Function GetIndex(sWord As String, sAlphabet As String) _
As Integer

Dim sChar As String
Dim iIndex As Integer
Dim iLoop As Integer
Dim iTemp As Integer

For iLoop = 1 To Len(sWord)
sChar = Mid(sWord, iLoop)
iTemp = InStr(sChar, sAlphabet, vbTextCompare)
If iTemp > iIndex Then
iIndex = iTemp
End If
Next iLoop

GetIndex = iIndex

End Function

HTH!
 
G

GS

Henrietta Horne explained on 1/11/2011 :
I need check a list of words against an alphabet (a string of letters)
and return the index of the letter in the word that is the highest in
the alphabet.

For example, for the alphabet is "etaoin", these words would return
these indices:

Word Index
to 4
ate 3
ten 6
neat 6
tee 2

Is there some magic Excel function that will do this?

If not, can someone post the guts of a search loop to select each
letter in sWord and find the index in sAlphabet?

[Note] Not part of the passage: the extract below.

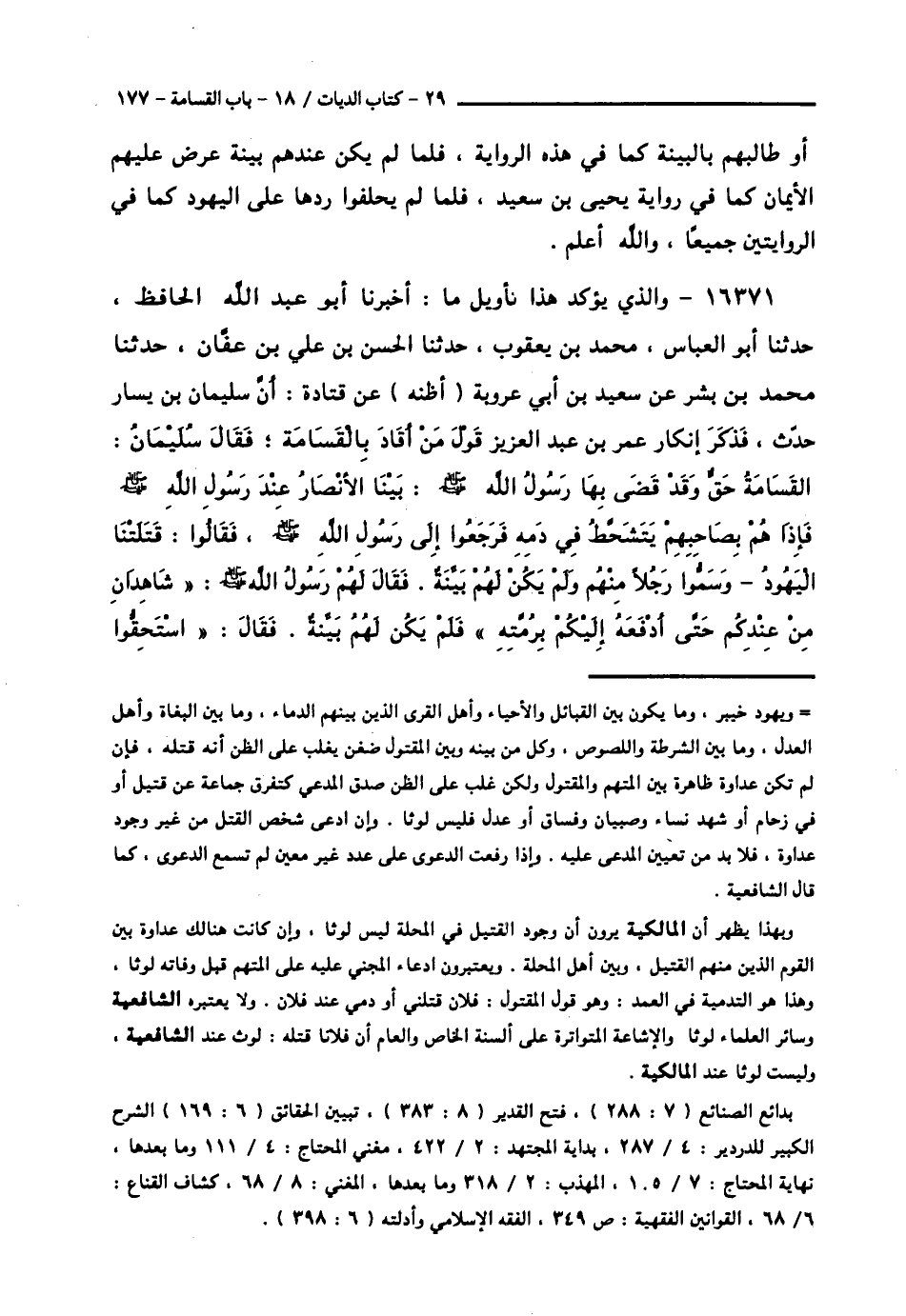 16371 - وَالَّذِي يُؤَكِّدُ هَذَا تَأْوِيلُ مَا: أَخْبَرَنَا أَبُو عَبْدِ اللَّهِ الْحَافِظُ , حَدَّثَنَا أَبُو الْعَبَّاسِ مُحَمَّدُ بْنُ يَعْقُوبَ , حَدَّثَنَا الْحَسَنُ بْنُ عَلِيِّ بْنِ عَفَّانَ , حَدَّثَنَا مُحَمَّدُ بْنُ بِشْرٍ , عَنْ سَعِيدِ بْنِ أَبِي عَرُوبَةَ , أَظُنُّهُ عَنْ قَتَادَةَ , أَنَّ سُلَيْمَانَ بْنَ يَسَارٍ , حَدَّثَ , فَذَكَرَ إِنْكَارَ عُمَرَ بْنِ عَبْدِ الْعَزِيزِ قَوْلَ مَنْ أَقَادَ بِالْقَسَامَةِ , فَقَالَ سُلَيْمَانُ: §" الْقَسَامَةُ حَقٌّ , وَقَدْ قَضَى بِهَا رَسُولُ اللَّهِ صَلَّى اللهُ عَلَيْهِ وَسَلَّمَ بَيْنَ الْأَنْصَارِ عِنْدَ رَسُولِ اللَّهِ صَلَّى اللهُ عَلَيْهِ وَسَلَّمَ , فَإِذَا هُمْ بِصَاحِبِهِمْ يَتَشَحَّطُ فِي دَمِهِ , فَرَجَعُوا إِلَى رَسُولِ اللَّهِ صَلَّى اللهُ عَلَيْهِ وَسَلَّمَ , فَقَالُوا: قَتَلَتْنَا الْيَهُودُ , وَسَمُّوا رَجُلًا مِنْهُمْ وَلَمْ يَكُنْ لَهُمْ بَيِّنَةٌ , فَقَالَ لَهُمْ رَسُولُ اللَّهِ صَلَّى اللهُ عَلَيْهِ وَسَلَّمَ: «شَاهِدَانِ مِنْ عِنْدِكُمْ حَتَّى أَدْفَعَهُ إِلَيْكُمْ بِرُمَّتِهِ» , فَلَمْ يَكُنْ لَهُمْ بَيِّنَةٌ , فَقَالَ: «اسْتَحِقُّوا -[178]- بِخَمْسِينَ قَسَامَةً أَدْفَعْهُ إِلَيْكُمْ بِرُمَّتِهِ» , فَقَالُوا: " يَا رَسُولَ اللَّهِ إِنَّا نَكْرَهُ أَنْ نَحْلِفَ عَلَى غَيْبٍ , فَأَرَادَ رَسُولُ اللَّهِ صَلَّى اللهُ عَلَيْهِ وَسَلَّمَ أَنْ يَأْخُذَ بِقَسَامَةِ الْيَهُودِ بِخَمْسِينَ مِنْهُمْ , قَالَتِ الْأَنْصَارُ: يَا رَسُولَ اللَّهِ إِنَّ الْيَهُودَ لَا يُبَالُونَ الْحَلِفَ مَهْمَا نَقْبَلُ هَذَا مِنْهُمْ يَأْتُونَ عَلَى آخِرِنَا , فَوَدَاهُ رَسُولُ اللَّهِ صَلَّى اللهُ عَلَيْهِ وَسَلَّمَ مِنْ عِنْدِهِ " ,

The actual alphabet will have all 26 letters and might look like this:

etaoinsrhldcumgfpwybvkjxzq

Try this...

Function GetHighIndex(sWord As String, sAlphabet As String) As Integer
Dim i As Integer, iPos As Integer
For i = 1 To Len(sWord)
iPos = InStr(1, sAlphabet, Mid$(sWord, i, 1), vbTextCompare)
If iPos > GetHighIndex Then GetHighIndex = iPos
Next
End Function
 
H

Henrietta Horne

Untested "air code"

Function GetIndex(sWord As String, sAlphabet As String) _
As Integer

Dim sChar As String
Dim iIndex As Integer
Dim iLoop As Integer
Dim iTemp As Integer

For iLoop = 1 To Len(sWord)
sChar = Mid(sWord, iLoop)
iTemp = InStr(sChar, sAlphabet, vbTextCompare)
If iTemp > iIndex Then
iIndex = iTemp
End If
Next iLoop

GetIndex = iIndex

End Function

HTH!

Thank you so much. You and Garry had essentially the same solution.
Hugs.
 
H

Henrietta Horne

Henrietta Horne explained on 1/11/2011 :

Try this...

Function GetHighIndex(sWord As String, sAlphabet As String) As Integer
Dim i As Integer, iPos As Integer
For i = 1 To Len(sWord)
iPos = InStr(1, sAlphabet, Mid$(sWord, i, 1), vbTextCompare)
If iPos > GetHighIndex Then GetHighIndex = iPos
Next
End Function

Thank you so much. You and Clif had essentially the same solution.
Hugs.
 
R

Rick Rothstein

Here is a shorter function that approaches the problem "backwards"...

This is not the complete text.